The effect of demineralization on Dt values was
strongly dependent on sporulation temperature. The
D102°C of spores formed at 52°C was
decreased from 15 min for native to 3.8 min for demineralized spores
(Fig. 1a). The effects of
demineralization on heat resistance were even greater at higher
temperatures (Fig. 2 and Table
1). Demineralization had less effect on
spores produced at 32°C. As shown by Fig. 1b, the
D103°C was 1.1 min for native spores and 0.94 min for demineralized spores. No statistically significant differences
(P > 0.05) could be found among
Dt values of native and demineralized spores at
heating temperatures in the range 95 to 110°C, and they only were
reduced to one-third at temperatures around 120°C (Fig. 2 and Table
1). Higher sporulation temperatures usually lead to more-resistant
spore crops (6, 10, 19), and a relation between sporulation
temperature and mineralization has been proposed (6, 20).
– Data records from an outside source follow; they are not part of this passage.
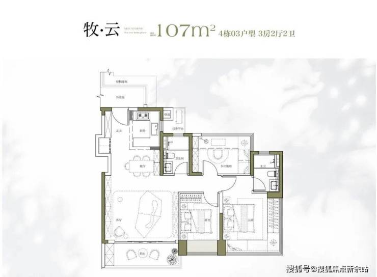 107㎡ · 3 房 2 厅 2 卫
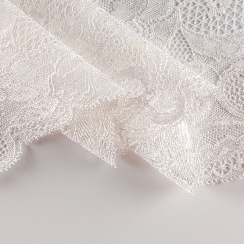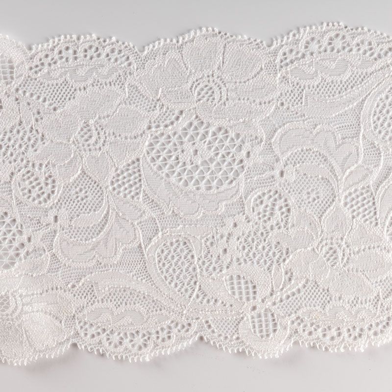 Эластичное кружево сочетает в себе мягкость, прочность и красоту, благодаря своей упругости оно долго не теряет первоначальную форму. Используется для пошива нижнего белья, а так же применяется как отделочный декор в одежде.
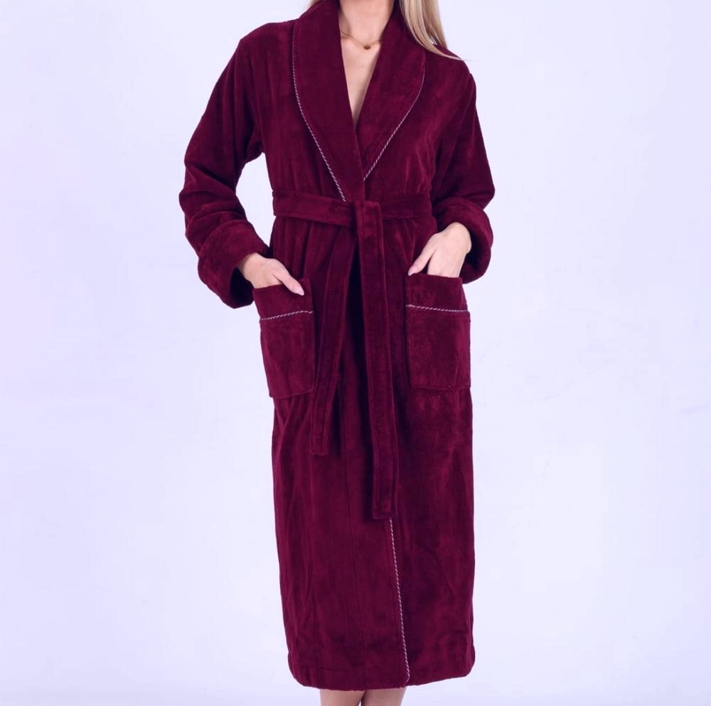 • Сушить на свежем воздухе, предварительно хорошо встряхнув изделие - Характеристики РазмерXXXLДополнительноБанный, Домашний, Карманы, ПоясТип тканиБамбуковые, Велюровые, МахровыеЦветБордоПолЖенскиеДлиннаДлинный
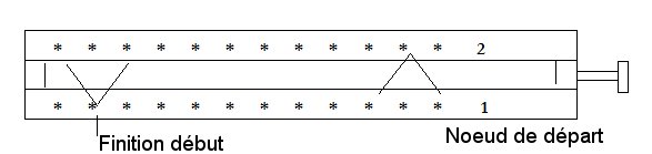 - Tasser la maille restante sur le clou suivant (qui est libre) et répéter l'opération jusqu'à ce qu'il ne reste plus qu'une maille.
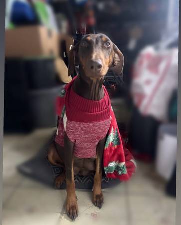 Full bread Doberman puppies (no papers) will come with all shots and tails docked if wanted . Rehoming fee applies text for more info Born Nov 17th . 2025
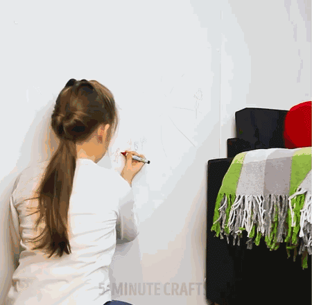 借助一個(gè)吹風(fēng)機,對著(zhù)墻上吹熱風(fēng),軟化彩蠟后,用干毛巾擦一擦,痕跡立馬消失不見(jiàn)!
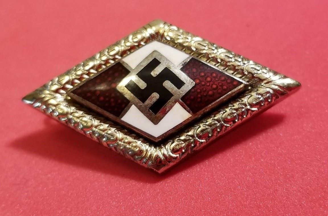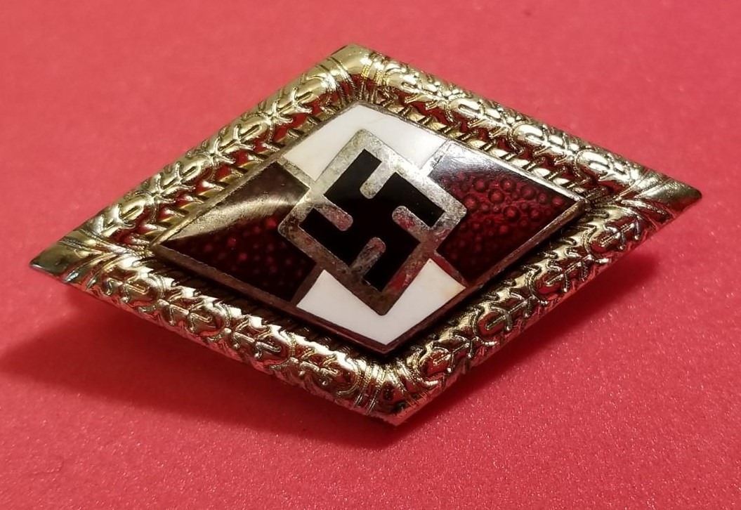 WW2 WWII Nazi German HJ Hitler Youth Third Reich golden members badge pin. Nice golden version of the Hitler Youth enamel members badge. Good condition, marked as shown. Be sure and check out our other militaria and collectibles auctions for more items, we always combine shipping!
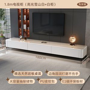 【免安装】1.8m三抽电视柜(亮光雪山白+白柜软包)

However, the presence of different pools of minerals in the spore that
are not always related to heat resistance (23, 28) reduces
the significance of this hypothetical relationship. Our results (Fig.
2) demonstrated that differences in heat resistance between spores
obtained at 32 and 52°C decreased after demineralization. These
results point out that sporulation temperature increases heat
resistance by increasing the mineralization of bacterial spores. Still,
heat resistance at pH 7 of demineralized spores sporulated at 52°C
was slightly higher than that of demineralized spores sporulated at
32°C (Fig. 2). Other mechanisms besides mineralization, such as
protoplast dehydration level (6) and the possible formation
of heat shock proteins in spores sporulated at higher temperatures
(18), could be related to the higher heat resistance of
demineralized spores sporulated at higher temperatures.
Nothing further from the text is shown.